Los correos electrónicos son una vía frecuente de infección, donde los troyanos como el ladrón de información roban credenciales almacenadas. Un ejemplo de ataque podría ser un correo electrónico que aparenta ser de una empresa conocida con un archivo adjunto infectado. Los ataques más avanzados pueden utilizar diversas técnicas adicionales, como “Watering Hole Attacks”, donde las víctimas son dirigidas a sitios web específicos que han sido comprometidos.
Mejores prácticas de seguridad
Para mitigar el riesgo de ataques de ransomware, se recomienda implementar estrategias de seguridad cibernética, que incluyen el uso de antivirus, cortafuegos, sistemas de detección de intrusiones y VPNs. Sin embargo, la protección óptima nunca es del 100%, y realizar copias de seguridad adecuadas de datos críticos es fundamental. Estas copias deben almacenarse fuera de la red en dispositivos separados y ser sometidas a análisis regulares para detectar infecciones.

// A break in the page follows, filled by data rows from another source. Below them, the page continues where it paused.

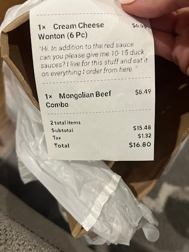 Usual, my fiancé will go inside and grab our food when we order in. We never have them deliver because they take too long and we live a mile away... Today, we were sitting in a shop a couple doors down and we ordered our food in. A friend I feel mine and I walked down to get our food. When we walked in, the lady working the register was super rude and told us "can you just wait a minute?" She said this to us the second we walked through the door. So I quietly walked to the window and waited with my friend. Then she asked what we ordered and gave me attitude when I used a credit card. We then stood there for about 10-15 minutes waiting for my food that should have already been done. The lady stood there and proceeded to argue with her boss about receipts. Keep in mind she was arguing and being rude to her BOSS! She proceeded to be rude to every person that walked in the door after that. If I could give them no stars, I would.
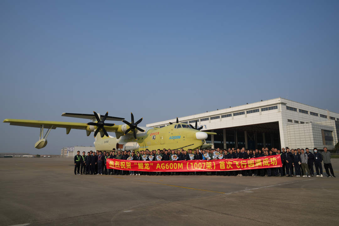 8時9分,由機長陳明、副駕駛安瑞、空中機械師張朋飛和機上觀察員田亞飛組成的首飛機組,駕駛著AG600M飛機從珠海金灣機場滑行起飛,在空中平穩飛行17分鐘,完成一系列既定試飛科目後,於8時26分平穩降落,飛機狀態良好,操縱系統正常,各系統運行穩定。
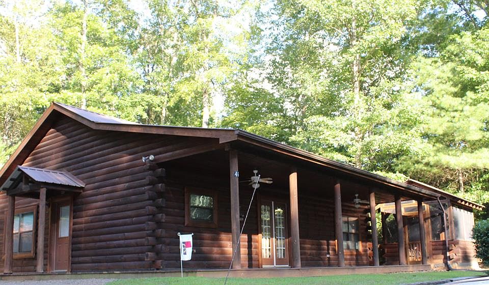 LIKE NEW... one owner only used for vacations! Real Log cabin with warm inviting interior. Plank floors, wood walls vaulted ceiling, gas logs in living room, spacious feel, 2 bedrooms and 2 baths. Baths are large, and bedrooms larger than many cabins. Covered rocking chair porch and a separate screened porch. Room for a carport. Convenient location.No driving down long curvy steep mountain road to access...yet private. Most furniture goes with cabin with exception of living room, a rocking chair, and sentimental items.
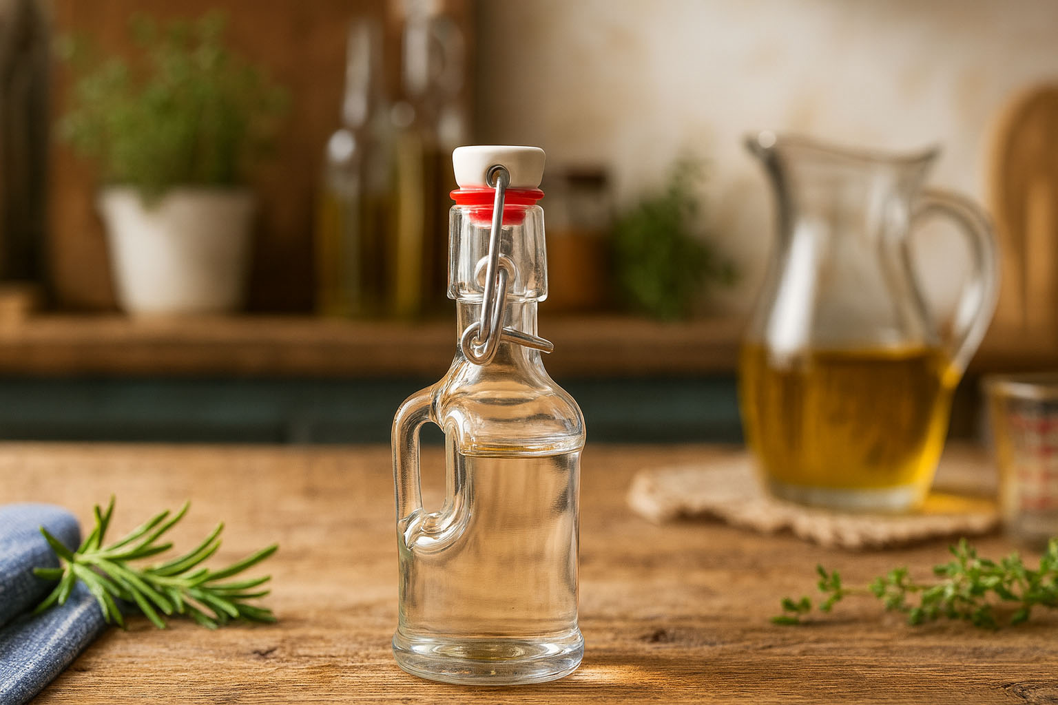Serija „Classica“ združuje tradicionalno oblikovanje z visoko funkcionalnostjo in je popolna izbira za elegantno polnjenje. Proizvedena v Nemčiji, ta značilna steklenica z ročajem navdušuje s svojo kakovostno izdelavo in robustno kakovostjo stekla. Z volumnom od 40 do 500 ml je idealna za polnjenje likerjev, žganih pijač, sokov in sirupov. Njena klasična zasnova daje vsakemu izdelku nostalgičen pridih in jo naredi privlačno izbiro tako za zasebno uporabo kot za izdelke fine hrane.
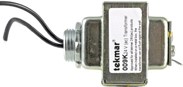 The Transformer 009 is a 40 VA, 24 V (ac) transformer for use with products that require an external transformer. It includes an in-line fuse for circuit protection.

Asimismo, es aconsejable dividir la red en áreas con diferentes niveles de seguridad, utilizar sistemas de gestión de información y eventos de seguridad (SIEM) para monitoreo activo, y desarrollar un plan de recuperación de desastres. Este plan debe incluir protocolos claros para todos los involucrados en la gestión de crisis, asegurándose de que todos los dispositivos de los empleados y medios externos sean gestionados de forma estricta dentro de las políticas de seguridad de la organización.
La implementación de estas medidas puede reducir significativamente la probabilidad de sufrir ataques de ransomware y facilitar la recuperación en caso de que ocurran.